Do not be: while there's no way to be prepared for every contingency when buying a home, outlined below are very clear traps to avoid. Steer clear of these problems, and you will probably do fine.

First, you, yourself, should choose the home inspector for the property you're buying. Don't trust your real estate agent to choose a professional home inspector for you. Think about it: it's in the real estate's agent's best interest to sell you the house. Maybe the professional he or she is recommending to you is a skilled and honest home inspector--or maybe that "professional" and the real estate agent have a tacit understanding. Maybe they're just working together to make sure that you buy that house, no matter what's wrong with it.

The best thing is to ask people who have actually recently bought a home for their recommendations. Interview more than one potential home inspector. Make sure the inspector belongs to the American Society of Home Inspectors, which actually has standards for its members (not many states actually have regulations about home inspection professionals). Also make sure the inspector has a license and insurance, and accompany them when they go to do their report on the home you're thinking about buying.

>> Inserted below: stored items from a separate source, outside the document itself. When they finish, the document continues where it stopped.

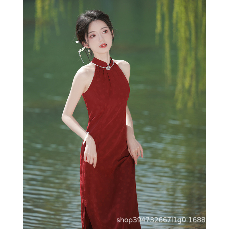 Gaun bersulang cheongsam ditingkatkan pengantin wanita pernikahan merah Tiongkok rasa tinggi 2024 gaun pertunangan baru musim panas wanita
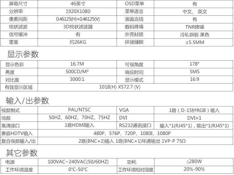3、支持7×24小时,365天连续开机,具有非常高的可靠性和稳定性且背光源长达60000小时的使用寿命。
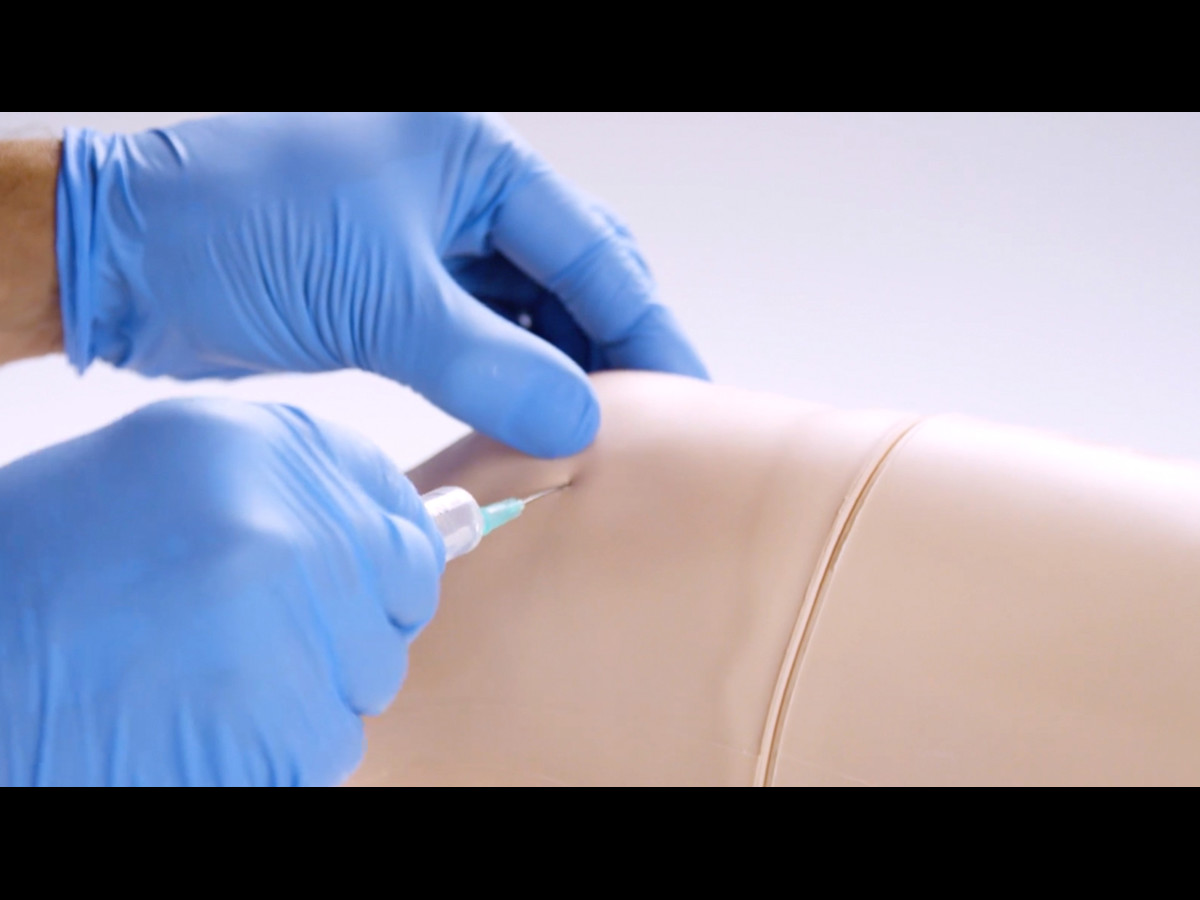 - During practice injections, be sure to remove the needle at the same angle as inserted, removing at an angle can cause the knee skin to split
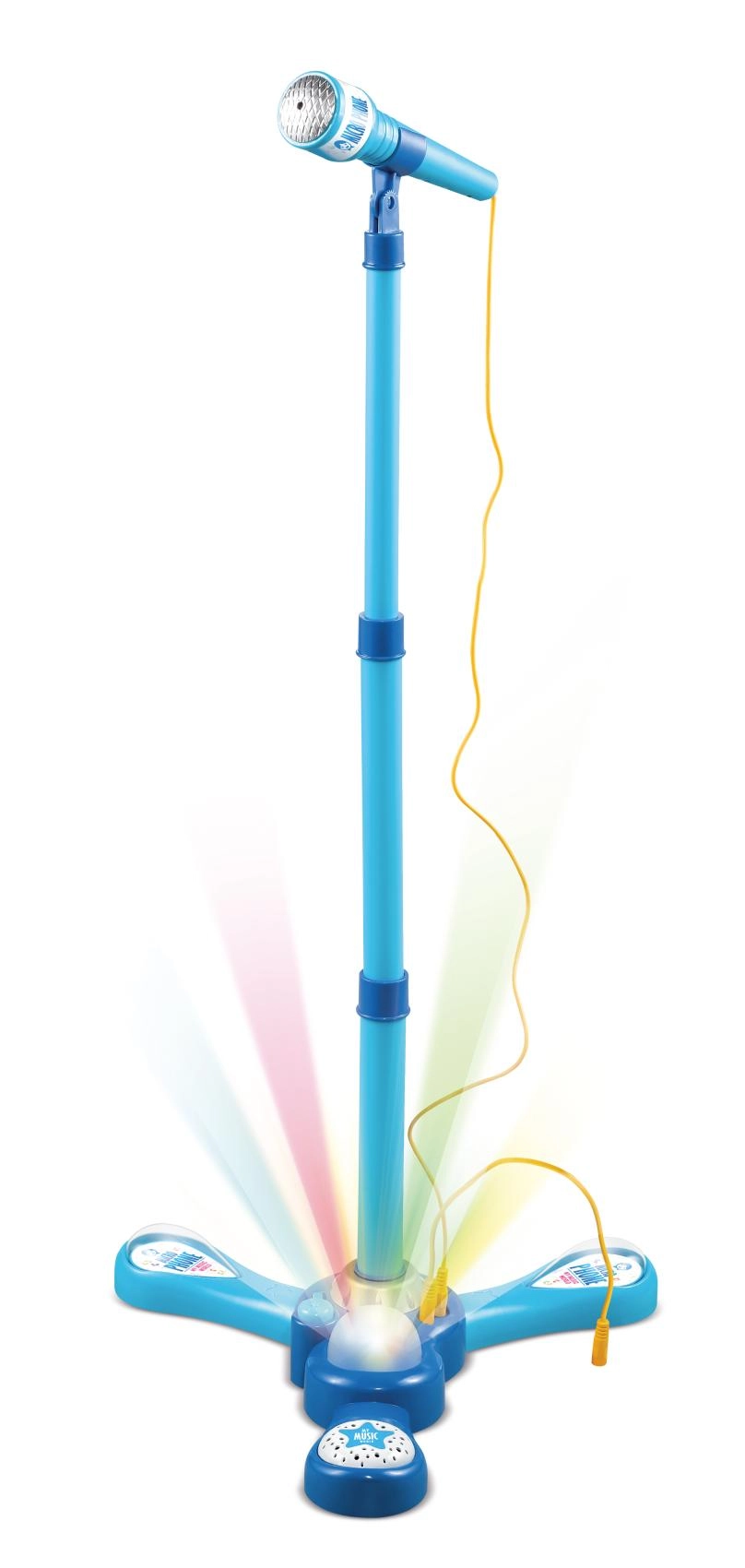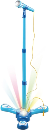 Sjov børne- karaoke-mikrofon med stativ, der bringer farverige lyseffekter, 12 indbyggede sange og mulighed for tilslutning af MP3 eller mobil til enhver fest. Takket være den justerbare højde på 40–80 cm vokser den med børnene og styrker både selvtillid og kærlighed til musik.

Also, be careful about taking your real estate agent's or your bank's advice about what you can and can't afford. They are going to pressure you to take out high-cost mortgages and loans. Maybe you will be able to "afford" paying them off--at the cost of accumulating enormous amounts of debt, or taking money from your retirement funds, or not being able to go on that Scuba vacation you've been dreaming about and saving for. You have to decide what you can and can't afford, and not someone who wants your money.

Another thing to watch out for is the adjustable-rate mortgages and interest-only mortgages that some lenders will want you to buy (on the basis that they may have lower payments). These can sometimes be a good idea, but remember: you don't know what the interest rate is going to be in the future. If you get an adjustable-rate mortgage now and the interest rate goes up, you'll not be saving any money at all.

Here's yet another potential problem: if buying a house is putting you under additional financial strain, it may be tempting to open a new credit account, or close an existing credit account. This is unwise, because, surprisingly enough, both of these actions can hurt your credit rating. Lenders use your credit rating to determine what kind of mortgages and interest rates they are willing to give you.

Something as simple as applying for a new credit card can adversely affect your credit score, which may prevent you from qualifying for the loan you want. Naturally, you may not be thinking about this as you apply for the credit card--but you will once you find out that your lender doesn't want to give you that advantageous mortgage anymore.